- Data in this exercise:
_ _ _ _ _
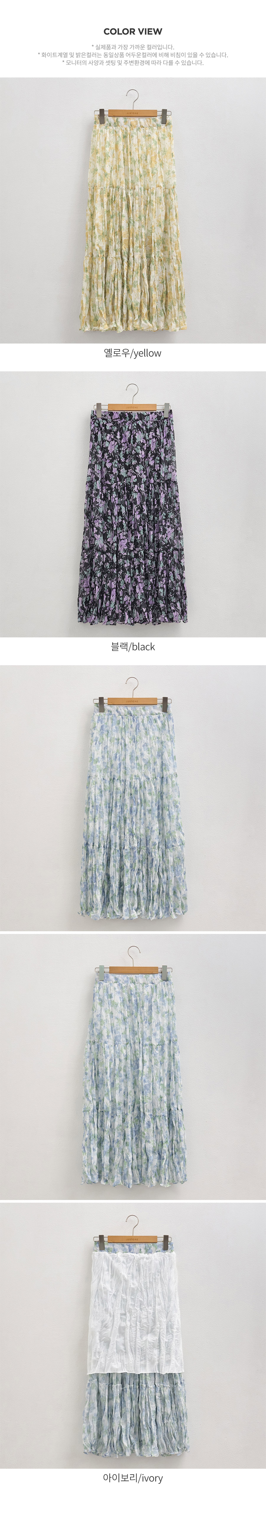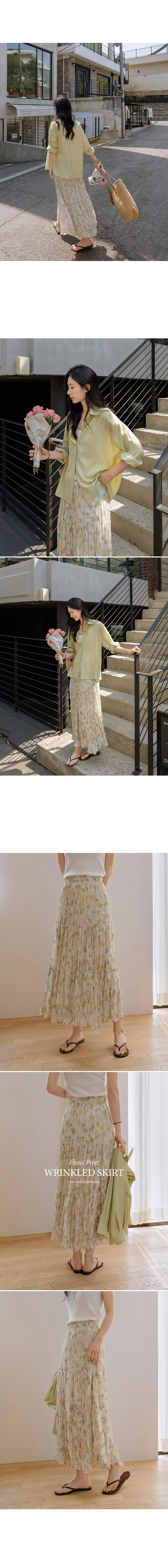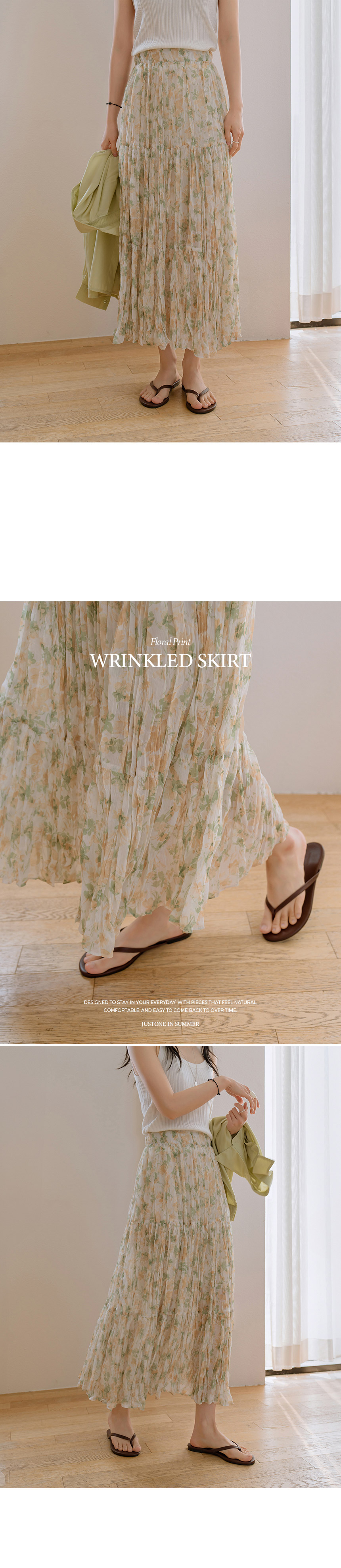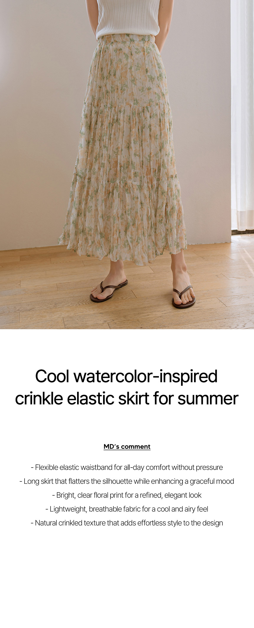Designed with a comfortable elastic waistband and an elegant silhouette, this stylish summer long skirt features a natural crinkled texture. The delicate watercolor floral print adds a soft, romantic touch.
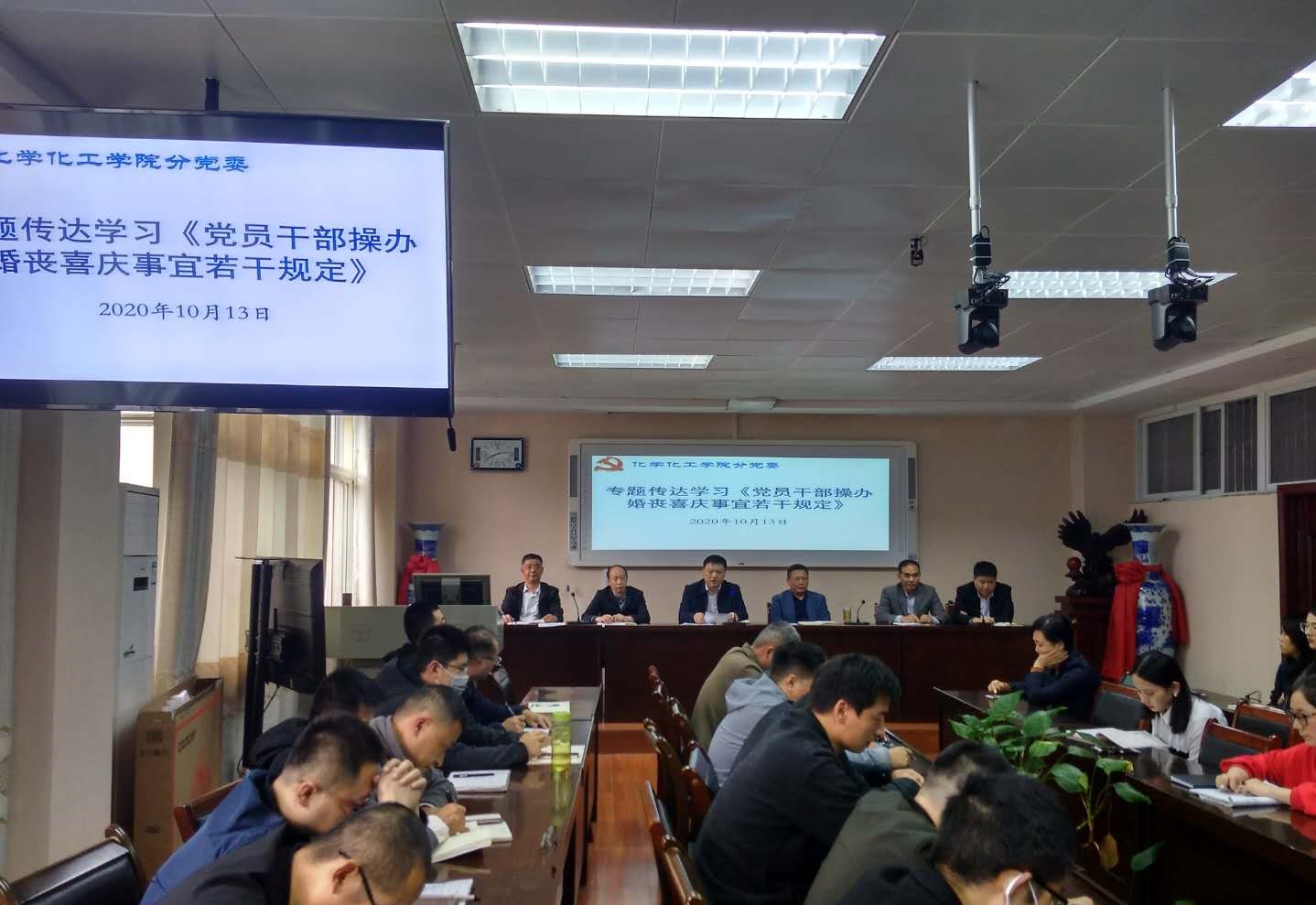 为认真贯彻落实中央八项规定精神,切实加强党员、干部、公职人员纪律约束,1013日,161sex 分党委在实验楼407报告厅召开全体教职工大会,集体学习《党员干部操办婚丧喜庆事宜若干规定(修订)》的通知文件。161sex 全体教师集体参加学习。学习会由党委书记郭鹏主持。分党委纪检委员刘鹏针对文件精神进行宣讲、领学和解读。
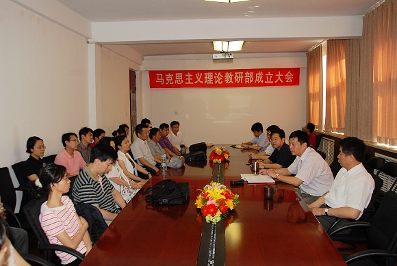 2009年6月10日上午,beat365中文官方网站马克思主义理论教研部成立大会在主楼四层会议室举行。参加本次成立大会的有党委书记郭大成,党委副书记侯光明,及宣传部、人事处、研究生院、学生处等相关部处的领导,马克思主义理论教研部的全体教师和学工处的部分辅导员参加了本次成立大会。会议由人文与社会科学学院分党委书记张红峻主持。
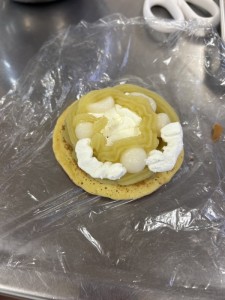 地域の特産物を使った「かんドラ(どら焼き)」の商品開発に向けて、地元菓子店と協力し、試作に取り組んでいます。
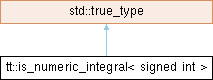 Inheritance diagram for tt::is_numeric_integral< signed int >:
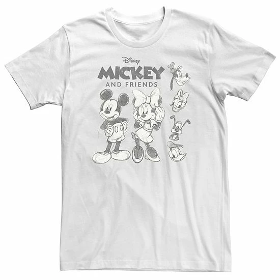 Celebrate Mickey Mouse and his friends with this men’s Disney t-shirt featuring sketched characters and graphics. ©Disney
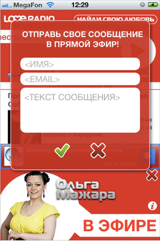 10 марта 2012 года мы выпустили новое обновление, которое позволяет по умолчанию сохранить настройки качества звука (28 kbps или 64 kbps) и имеет прямую ссылку на Твиттер Love Radio (Twitter.com/LoveRadioRu). Кроме этого, можно выбрать дополнительные платные функции, которые позволяют отключить ротацию рекламных баннеров и, самое главное, отправлять сообщения в прямой эфир, в программы LOVE MESSAGE и BIG LOVE MESSAGE!
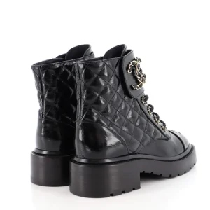 Chanel Women’s Chain CC Cap Toe Lace Up Combat Boots Quilted Shiny Calfskin
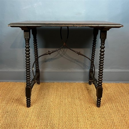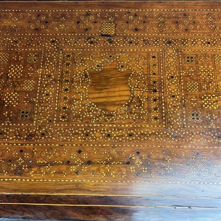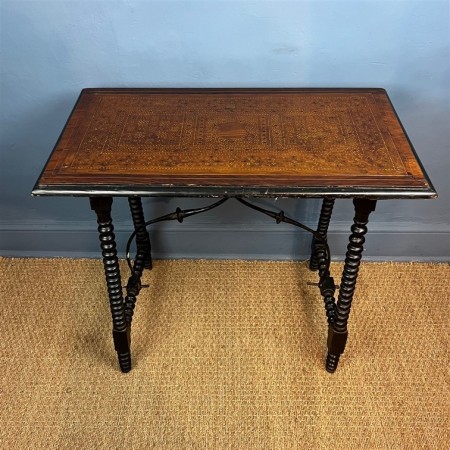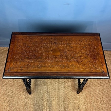 A late 17th century Indo Portuguese marquetry tabletop on ebonised 19th century bobbin twist stand
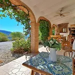 Deze 2-slaapkamer La Perla Andaluza Villa ligt op 10 minuten met de auto vanaf Embalse de la Viñuela en biedt een zonneterras met uitzicht op de berg.
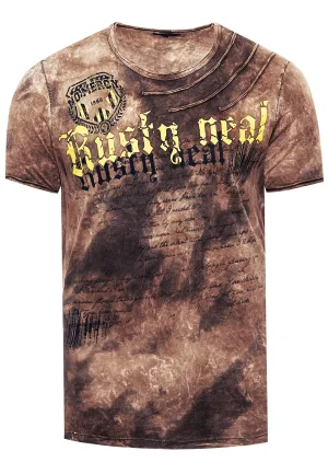 Gewassen biker T-shirt met voor- en achterkant bedrukt
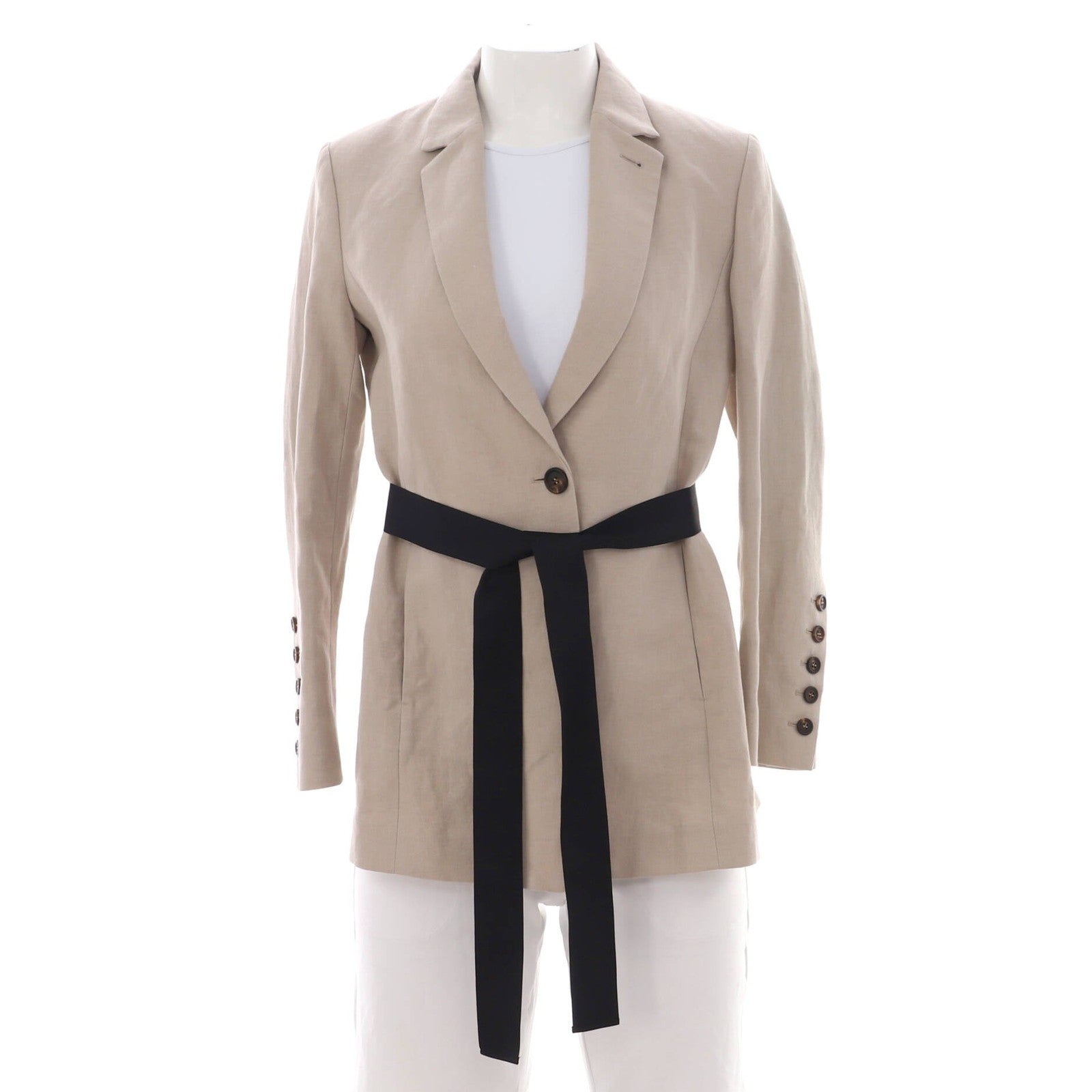 Model: Women's Single Button Belted Blazer Linen and Cotton Blend
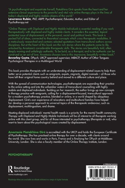 With the spread of communication technologies, psychotherapists are expanding their practice to the online setting and into the unfamiliar waters of transcultural counselling with highly mobile and displaced individuals. Building on her research, the author brings up new concepts in therapy practice with emigrants, calling for a displacement-focused, transcultural approach for a modern psychotherapy practice, blended or online, in a world shaped by ubiquitous displacement. Giré's own experience of relocations and multicultural families have helped her develop a personal approach to universal topics of the therapeutic endeavour, such as displacement, multilingualism, and shame.
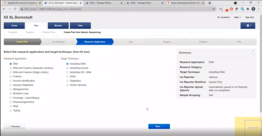 На следующей вкладке снова выполняем пошаговые настройки: указываем, что работаем с ДНК, указываем технику – AmpliSeq ДНК.
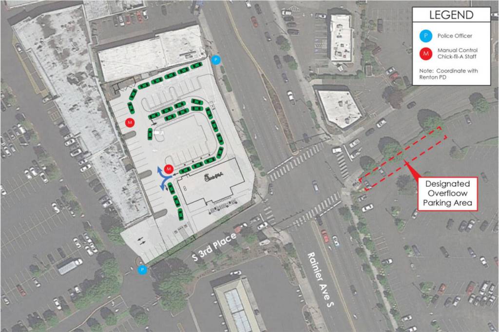 Renton police indicated they would monitor the traffic impacts to ensure safety to the public and determine how many officers would be needed to direct vehicles, according to the advisory notes in the application documents.
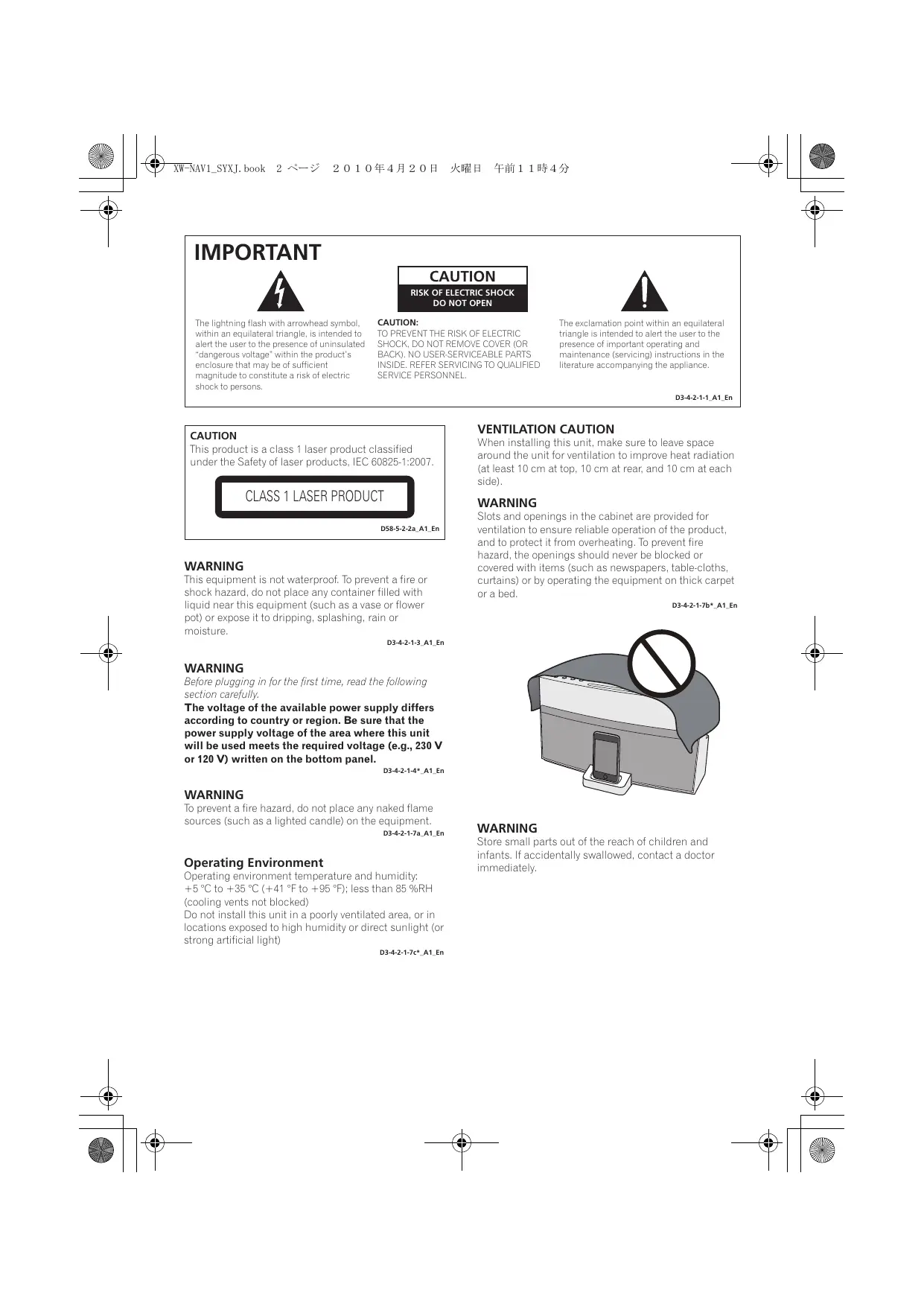 A er Tous droits de reproduction et de traduction réservés. Fr 4 PRECAUCIONES CONCERNIENTES A LA intenciôn de utilizarlo durante much tiempo seguido (por ejemplo, antes de irse de MANIPULACIÔN DEL CABLE DE vacaciones) ALIMENTACION D342-2-28* A1 Es Tome el cable de alimentacién por la clavija. No extraiga la clavija tirando del cable. Nunca toque el cable de alimentacién cuando sus manos estén Este producto es para tareas domésticas mojadas, ya que esto podria causar cortocircuitos o generales. Cualquiera averia debida a otra descargas eléctricas. No coloque la unidad, algün utilizaciôn que tareas domésticas (tales como el mueble, etc., sobre el cable de alimentacién. uso a largo plazo para motivos de negocios en Asegürese de no hacer nudos en el cable ni de unirlo à un restaurante o el uso en un coche o un barco) otros cables. Los cables de alimentacién deberän ser y que necesita una reparacién harä que cobrarla dispuestos de tal forma que la probabilidad de que incluso durant el periodo de garantie. sean pisados sea minima. Una cable de alimentaciôn Koët As dañado podrä causar incendios o descargas eléctricas. Revise el cable de alimentaciôn est dañado, solicite el reemplazo del mismo al centro de servicio autorizado Cuando utilice este producte, confirme la PIONEER mâs cercano, o a su distribuidor informaciôn de seguridad mostrada en la parte sat inferior de la unidad. Daaaaa ere
_ _ _ _ _
Once you have returned the line containing "Model: Women's Single", stop; begin at the first line of the material, keep each line exact, and skip the pictures.

Designed with a comfortable elastic waistband and an elegant silhouette, this stylish summer long skirt features a natural crinkled texture. The delicate watercolor floral print adds a soft, romantic touch.
 为认真贯彻落实中央八项规定精神,切实加强党员、干部、公职人员纪律约束,1013日,161sex 分党委在实验楼407报告厅召开全体教职工大会,集体学习《党员干部操办婚丧喜庆事宜若干规定(修订)》的通知文件。161sex 全体教师集体参加学习。学习会由党委书记郭鹏主持。分党委纪检委员刘鹏针对文件精神进行宣讲、领学和解读。
 2009年6月10日上午,beat365中文官方网站马克思主义理论教研部成立大会在主楼四层会议室举行。参加本次成立大会的有党委书记郭大成,党委副书记侯光明,及宣传部、人事处、研究生院、学生处等相关部处的领导,马克思主义理论教研部的全体教师和学工处的部分辅导员参加了本次成立大会。会议由人文与社会科学学院分党委书记张红峻主持。
 地域の特産物を使った「かんドラ(どら焼き)」の商品開発に向けて、地元菓子店と協力し、試作に取り組んでいます。
 Inheritance diagram for tt::is_numeric_integral< signed int >:
 Celebrate Mickey Mouse and his friends with this men’s Disney t-shirt featuring sketched characters and graphics. ©Disney
 10 марта 2012 года мы выпустили новое обновление, которое позволяет по умолчанию сохранить настройки качества звука (28 kbps или 64 kbps) и имеет прямую ссылку на Твиттер Love Radio (Twitter.com/LoveRadioRu). Кроме этого, можно выбрать дополнительные платные функции, которые позволяют отключить ротацию рекламных баннеров и, самое главное, отправлять сообщения в прямой эфир, в программы LOVE MESSAGE и BIG LOVE MESSAGE!
 Chanel Women’s Chain CC Cap Toe Lace Up Combat Boots Quilted Shiny Calfskin
 A late 17th century Indo Portuguese marquetry tabletop on ebonised 19th century bobbin twist stand
 Deze 2-slaapkamer La Perla Andaluza Villa ligt op 10 minuten met de auto vanaf Embalse de la Viñuela en biedt een zonneterras met uitzicht op de berg.
 Gewassen biker T-shirt met voor- en achterkant bedrukt
 Model: Women's Single Button Belted Blazer Linen and Cotton Blend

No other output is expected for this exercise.